Republicans Plan to Retake the House Using a Key Part of Democrats' 2018 Playbook

AP Photo/Chris Carlson, File

Republicans need just 5 seats in the 2022 mid-terms in order to flip the House and they’re celebrating the military veterans who have decided to run on the GOP ticket.


The military is the most-trusted institution in America and former military candidates do well in swing districts. The GOP has targeted 47 of these districts. The party believes Republicans have a strong lineup to put on the field in 2022, complete with veteran candidates and more women and black candidates who have already entered the races.

The same strategy worked well for Democrats in 2018 when they took over the House. Republicans are hoping they can duplicate that feat.


In the first three months of the off-year, party recruiters are reporting a surge of enthusiasm from a diverse crop of prospective candidates, including women and people of color. National Republican Congressional Committee leaders have so far talked to 112 recruits in their 47 target districts. But they say they are particularly excited about an uptick in interest from those who served in the military — a trend they think will serve them well in competitive districts.

Democrats won the House four years ago thanks to a collection of candidates who were veterans or had national-security experience, a profile that seemed to appeal to swing voters. GOP strategists are acutely aware that they narrowly missed the House majority in 2020 due, in part, to recruitment failures in key districts. And they’re determined to assemble a roster of candidates that can close the five-seat gap and secure control of the chamber.
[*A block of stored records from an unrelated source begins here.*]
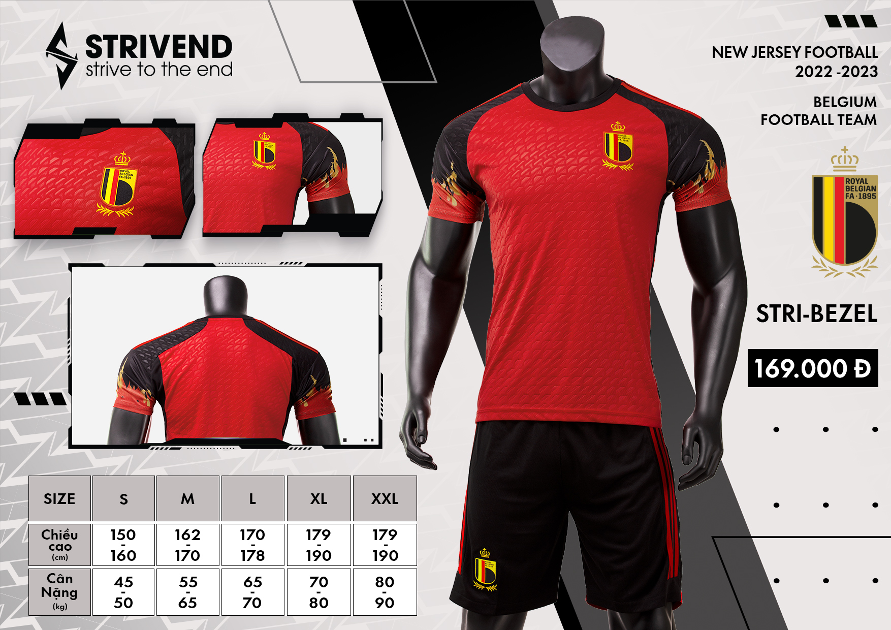BST Quần áo bóng đá Strivend Bỉ Đỏ WC22 là 1 trong 9 mẫu CLB và Đội Tuyển mới nhất mùa giả 22-23 chính hãng Strivend
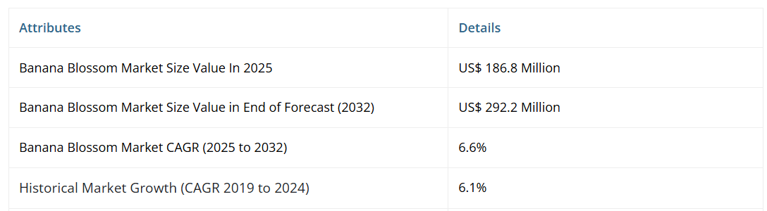ヨーロッパバナナブロッサム市場展望:過去実績(2019年~2024年)および予測(2025年~2032年)
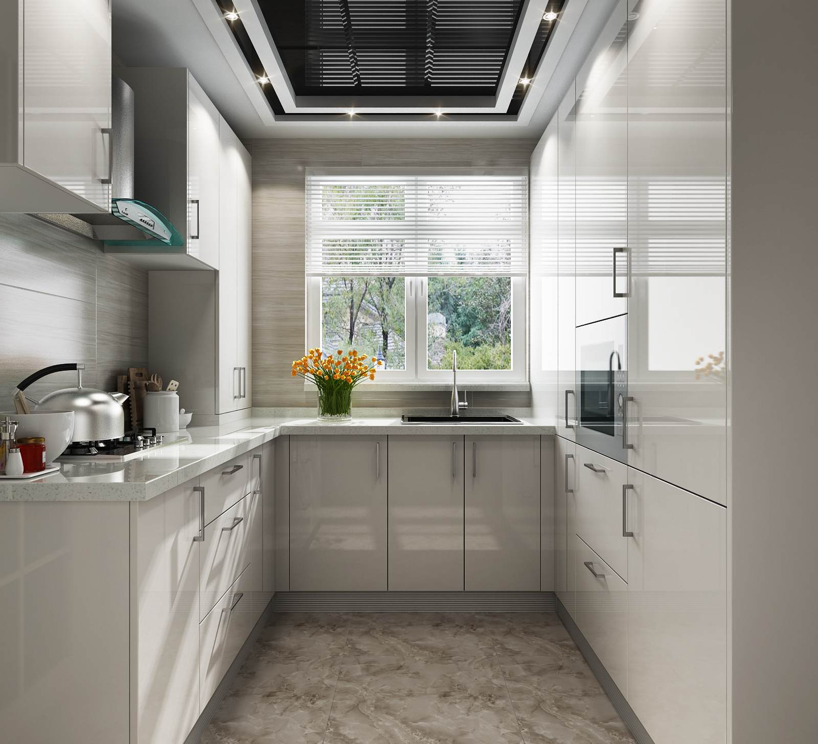 Modern European Style Small Modular Gray Glossy Kitchen Cabinet With White Quartz Countertop
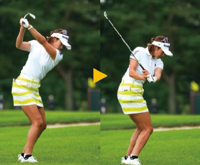 左足への体重移動がスムースになることで、緩やかなダウンブローでボールをとらえることができ、タテの距離感も合うようになった。
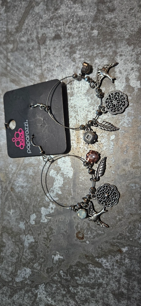 These are a pair of silver hoop earrings from Paparazzi. They feature various charms, including birds, leaves, and floral designs. They're perfect for adding a touch of whimsy to any outfit! makes a great Stocking Stuffer!
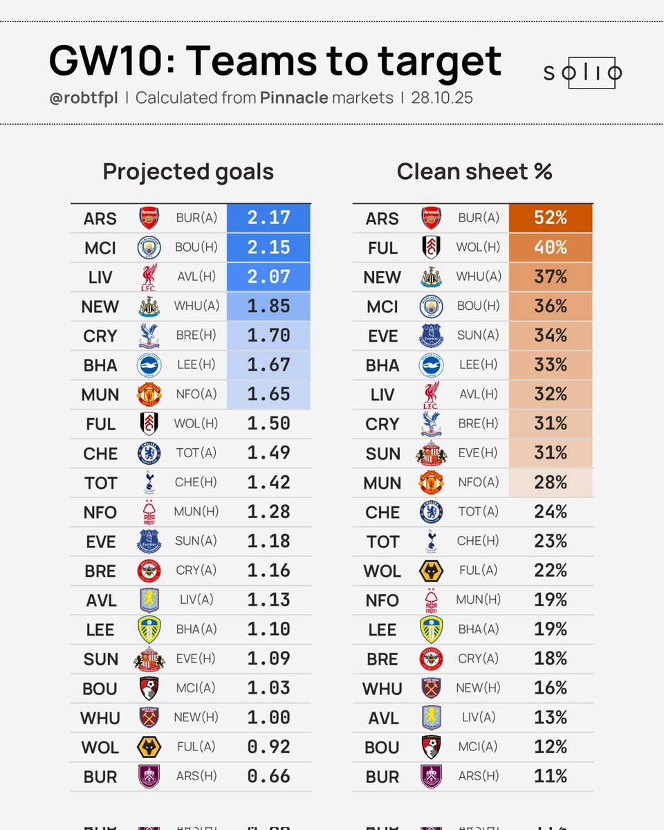 ๐ GW10 ULTRATHREAD ๐ฅ ๐งฉ Team-by-team analysis ๐ผ Buy / Keep / Sell Guide ๐ Projected Goals & Clean Sheet % ๐ฅ Saka vs Haaland ๐ฆ ๐งต Letโs dive into everything you need to know for GW10 ๐ #FPL
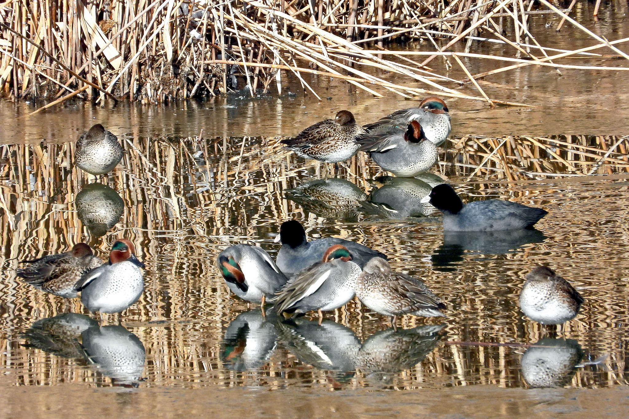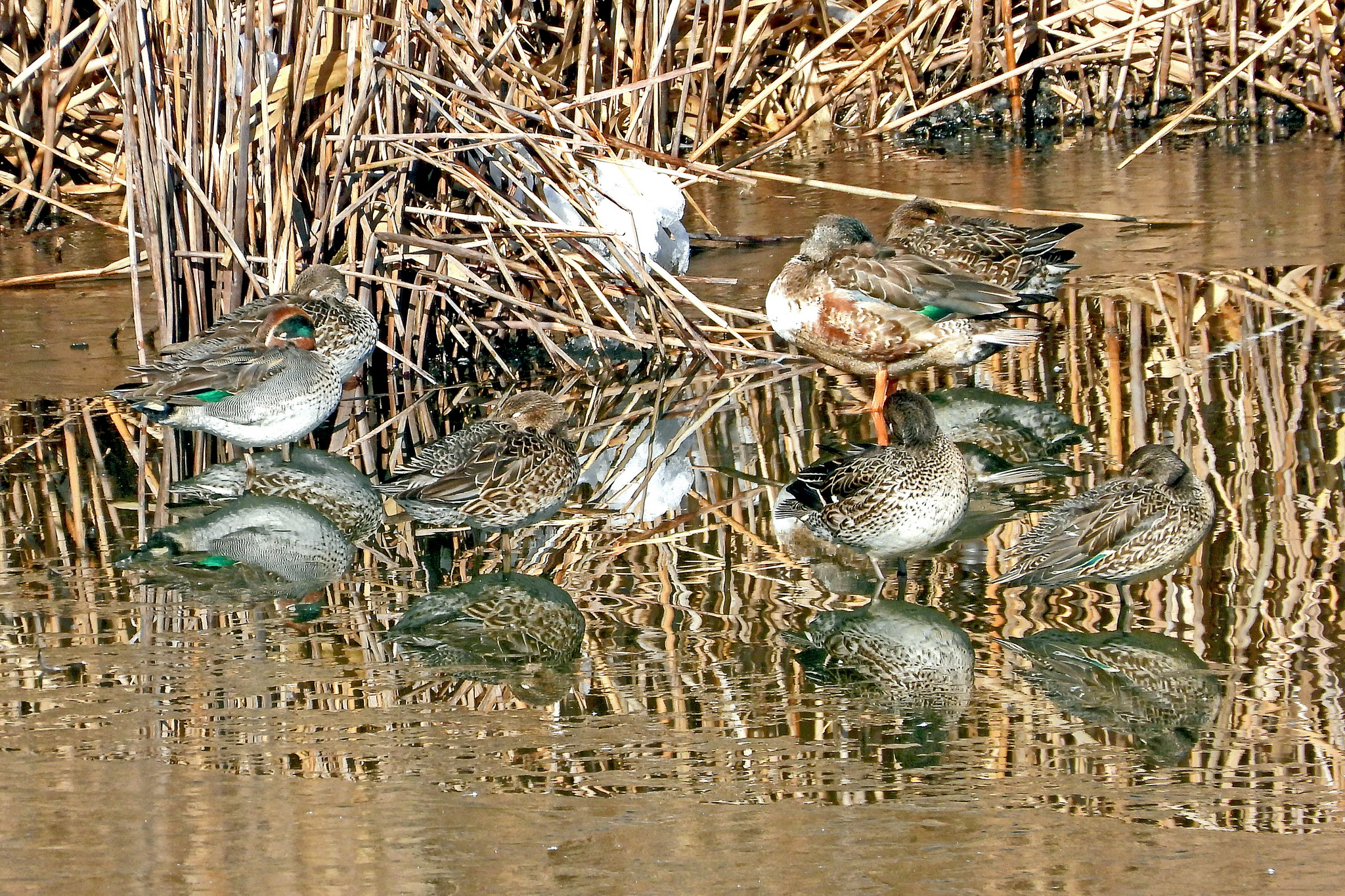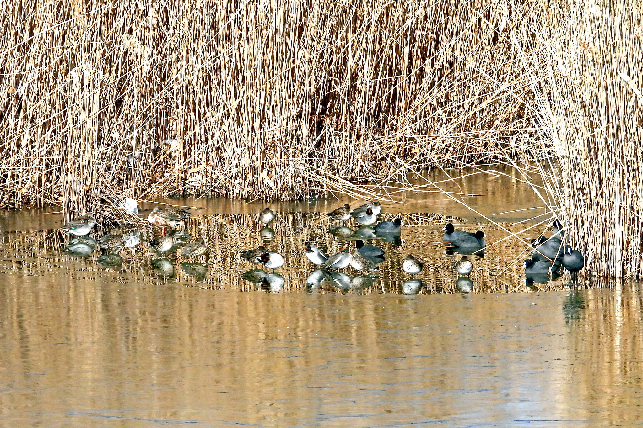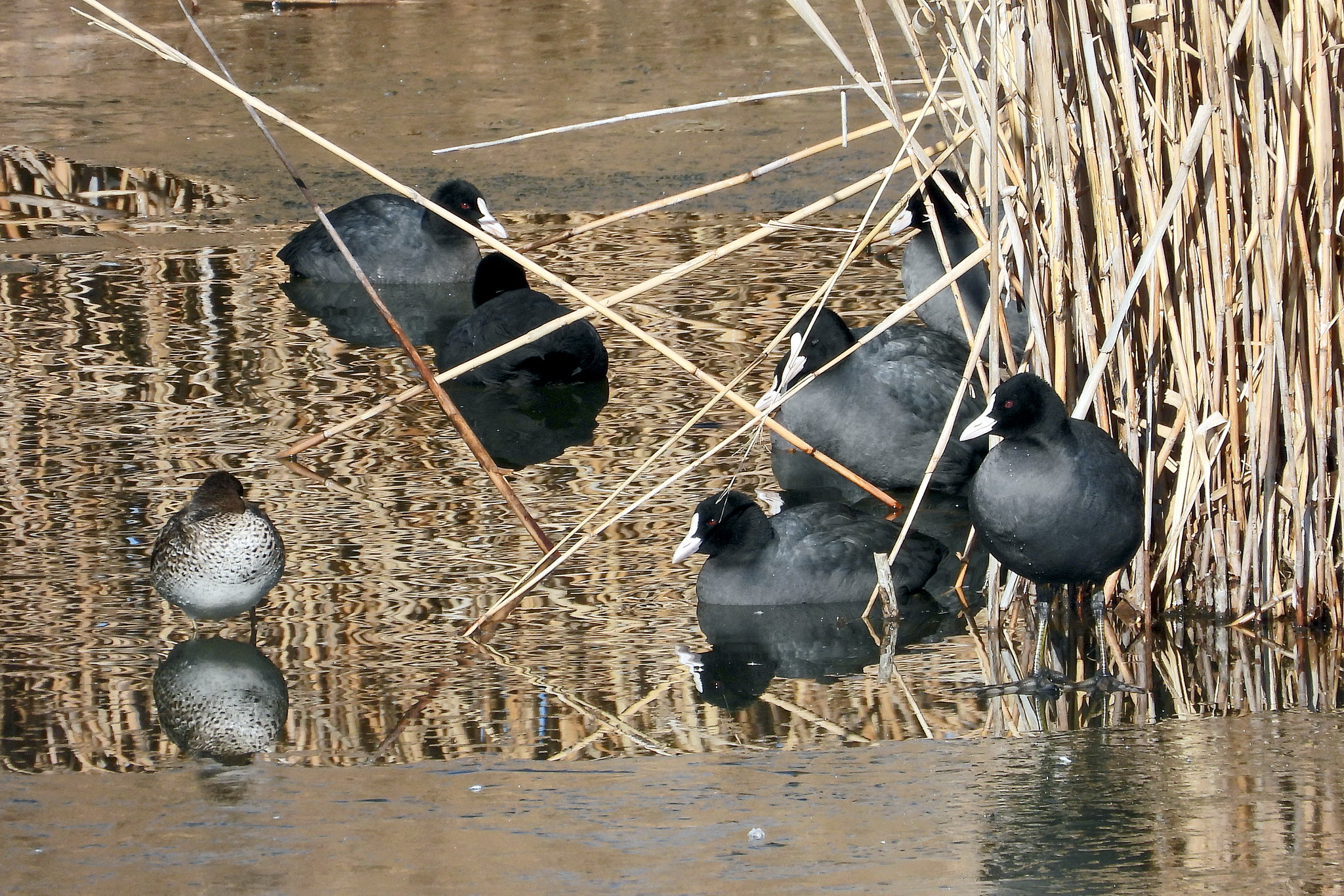 ほとんどが「コガモ」で、「ハシビロガモ」「オオバン」が居るようです。
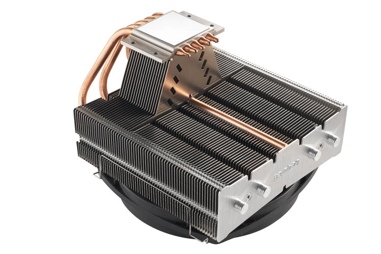 Material: Copper (base and heat-pipes), aluminium (cooling fins), CNC machined
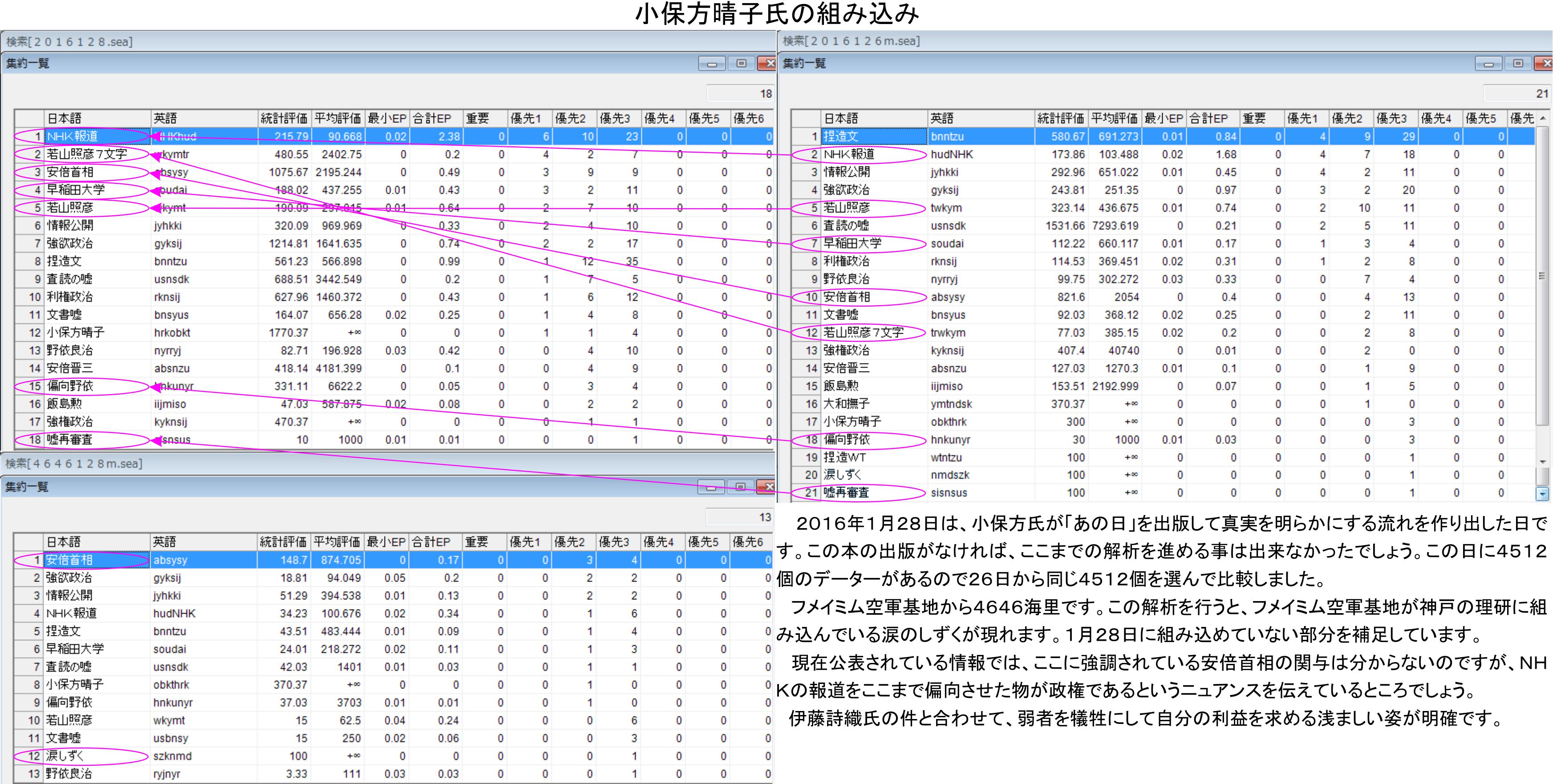 今回の評価に利用した2016年1月28日は、小保方氏が「あの日」を出版して真実を明らかにする流れを作り出した日です。この本の出版がなければ、ここまでの解析を進める事は出来なかったでしょう。この日に4512個のデーターがあるので26日から同じ4512個を選んで比較しました。

For Republicans, enlisting military veterans to run for office is a no-brainer. More than two-thirds of all veterans are Republicans. That represents a sizable voting bloc and base of support for any candidate who has had military experience.

Jen Kiggans, a former Navy pilot who now serves as a Virginia state senator and nurse practitioner, is expected to formally launch a run next week against Democratic Rep. Elaine Luria in the Tidewater region. Harold Earls IV, a retired Army captain who summited Mt. Everest and led the elite unit that guards the Tomb of the Unknown Soldier in Arlington National Cemetery, just announced a run in suburban Atlanta. And in the Orlando area, Cory Mills, an Army Bronze Star recipient who survived two bombings in the Middle East, is already running against Rep. Stephanie Murphy (D-Fla.).

It’s no accident that those three candidates are running in states that feature a large number of veterans. All should do well in very competitive districts.

The January 6 Capitol riots appear to have motivated some vets who believe the country is in deep trouble and are looking to serve.

“That scared them. And they want to right the country,” said Sarah Chamberlain, the president of the Republican Main Street Partnership. In searching for 2022 candidates, she said veterans were self-recruiting. “These guys — and women — have fought in battle. And now they’re like, ‘Listen, it’s time to serve here because we don’t want to see the Capitol surrounded by fencing and shut off from the people in this country.’”


Republicans will have one more advantage; congressional districts will be added in some red states. The process of finding the right candidates to run could start by asking if they served. They could certainly do worse.